**Given material:**
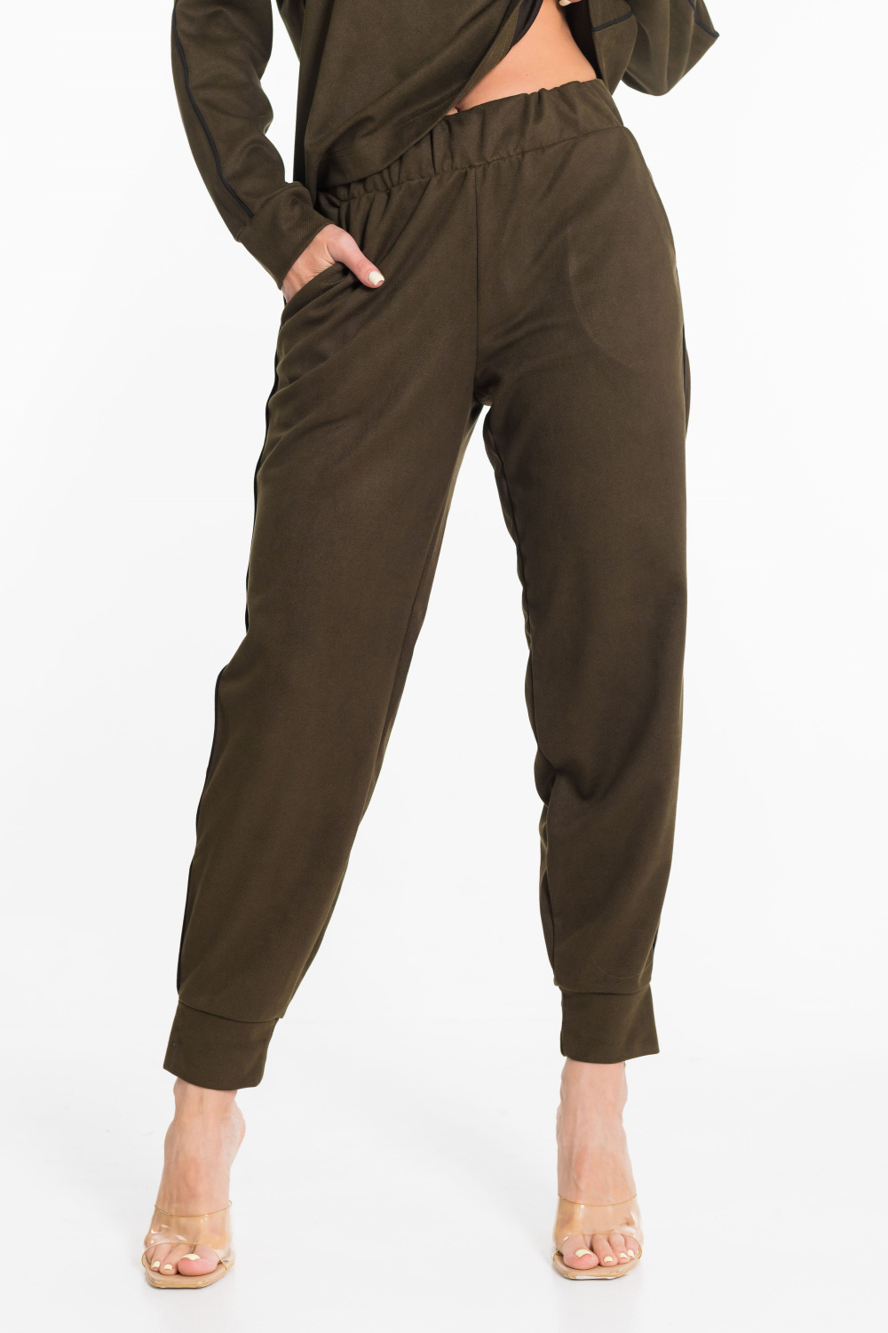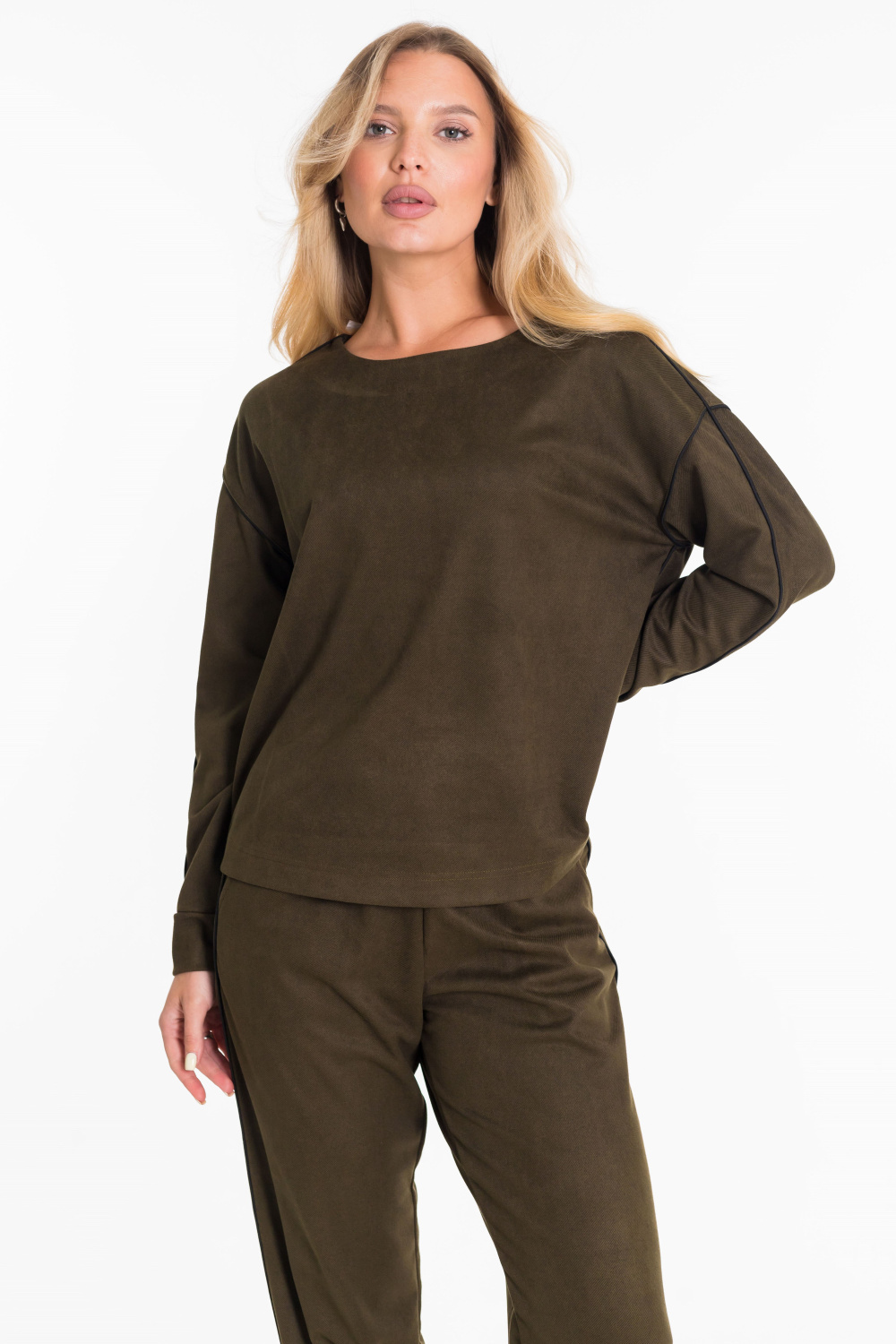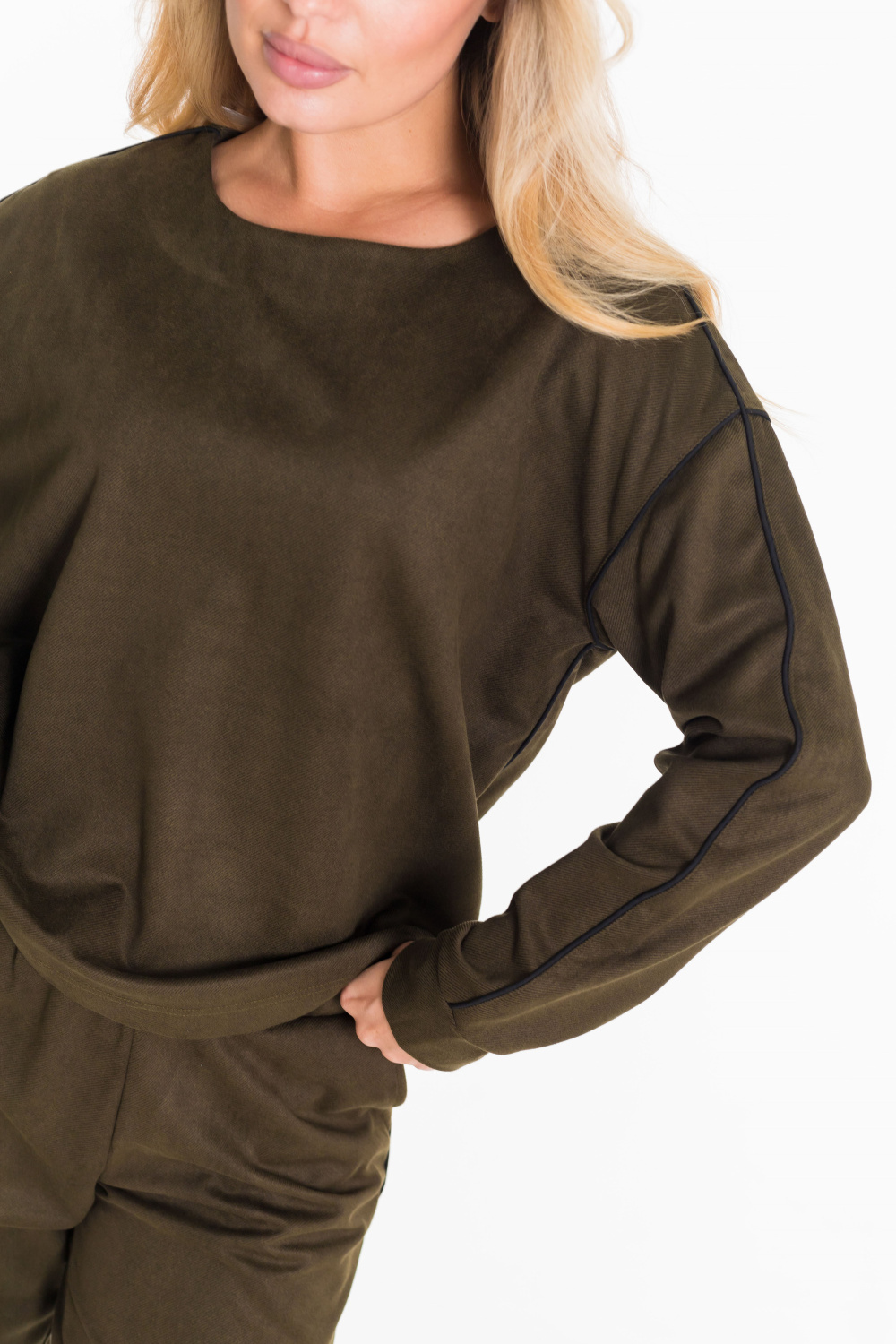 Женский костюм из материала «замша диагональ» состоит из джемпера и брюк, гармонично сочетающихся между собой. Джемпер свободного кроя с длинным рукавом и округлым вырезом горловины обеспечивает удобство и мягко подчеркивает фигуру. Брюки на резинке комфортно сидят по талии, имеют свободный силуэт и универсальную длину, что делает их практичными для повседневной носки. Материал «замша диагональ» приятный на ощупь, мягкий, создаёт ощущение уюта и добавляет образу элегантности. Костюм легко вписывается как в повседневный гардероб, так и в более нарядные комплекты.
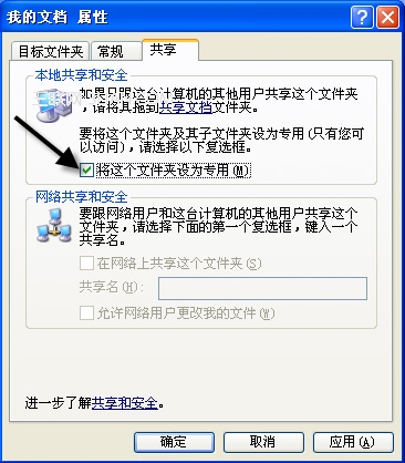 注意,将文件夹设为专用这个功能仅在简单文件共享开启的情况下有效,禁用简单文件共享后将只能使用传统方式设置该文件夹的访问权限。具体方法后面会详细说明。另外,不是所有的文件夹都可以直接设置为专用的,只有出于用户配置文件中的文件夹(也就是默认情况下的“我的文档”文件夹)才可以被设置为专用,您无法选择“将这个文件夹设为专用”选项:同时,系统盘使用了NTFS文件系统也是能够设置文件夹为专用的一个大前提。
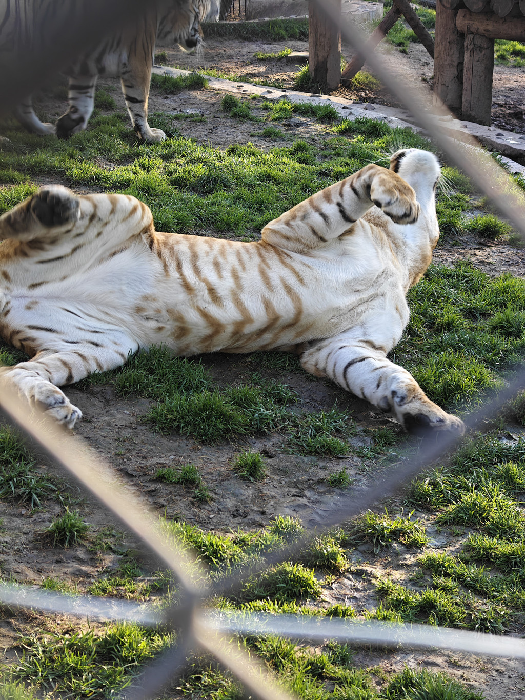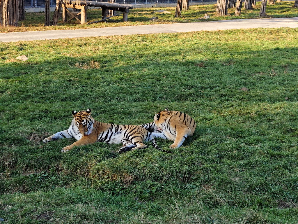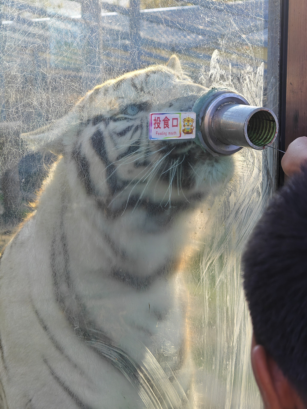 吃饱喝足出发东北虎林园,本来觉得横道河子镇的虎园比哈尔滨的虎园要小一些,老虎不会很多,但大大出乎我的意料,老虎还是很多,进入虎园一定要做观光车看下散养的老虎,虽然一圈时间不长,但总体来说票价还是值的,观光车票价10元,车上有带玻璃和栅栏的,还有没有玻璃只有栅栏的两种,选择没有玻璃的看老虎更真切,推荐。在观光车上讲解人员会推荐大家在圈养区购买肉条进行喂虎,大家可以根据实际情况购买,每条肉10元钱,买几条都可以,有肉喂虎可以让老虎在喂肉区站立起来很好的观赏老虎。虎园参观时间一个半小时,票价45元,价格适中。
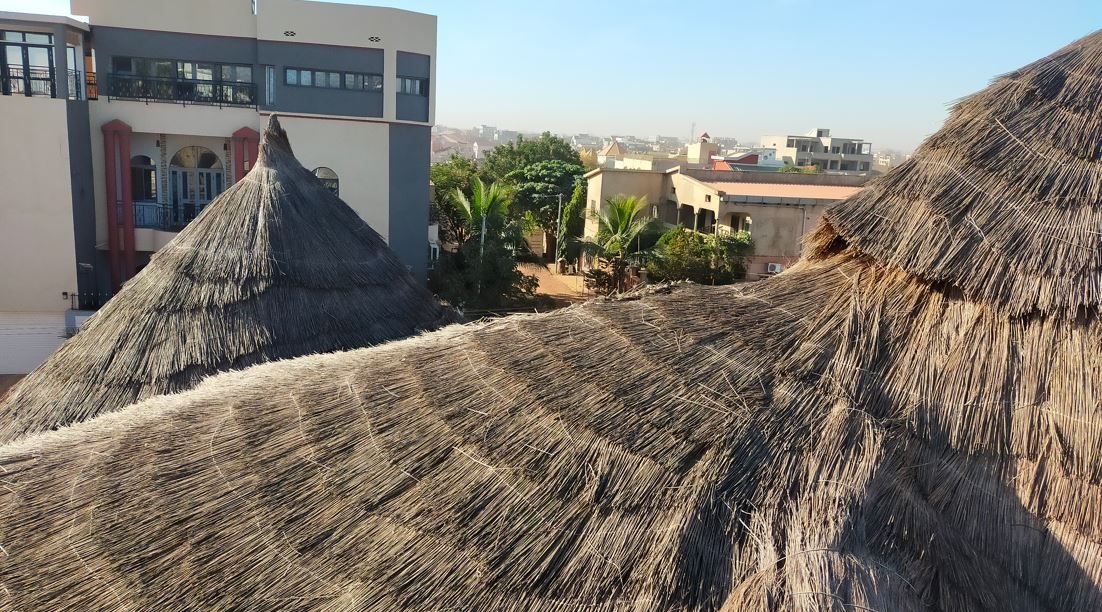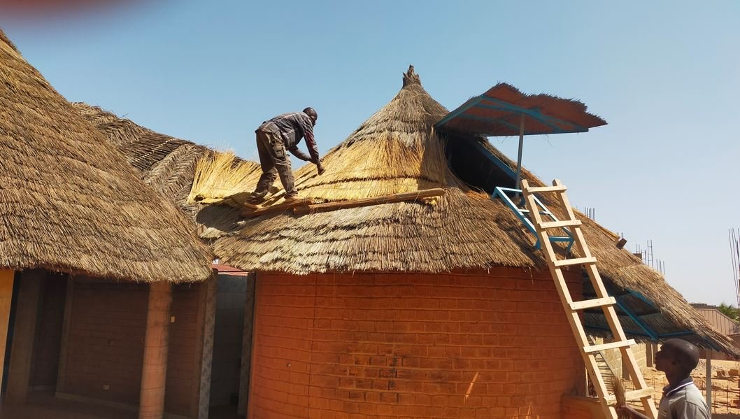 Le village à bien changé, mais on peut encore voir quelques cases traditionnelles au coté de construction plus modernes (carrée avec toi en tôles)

**What is needed:** Skip the pictures and copy exactly the lines from the one containing "吃饱喝足出发东北虎林园,本来" through the end of the material, both ends included.

**Answer below:**
 吃饱喝足出发东北虎林园,本来觉得横道河子镇的虎园比哈尔滨的虎园要小一些,老虎不会很多,但大大出乎我的意料,老虎还是很多,进入虎园一定要做观光车看下散养的老虎,虽然一圈时间不长,但总体来说票价还是值的,观光车票价10元,车上有带玻璃和栅栏的,还有没有玻璃只有栅栏的两种,选择没有玻璃的看老虎更真切,推荐。在观光车上讲解人员会推荐大家在圈养区购买肉条进行喂虎,大家可以根据实际情况购买,每条肉10元钱,买几条都可以,有肉喂虎可以让老虎在喂肉区站立起来很好的观赏老虎。虎园参观时间一个半小时,票价45元,价格适中。
 Le village à bien changé, mais on peut encore voir quelques cases traditionnelles au coté de construction plus modernes (carrée avec toi en tôles)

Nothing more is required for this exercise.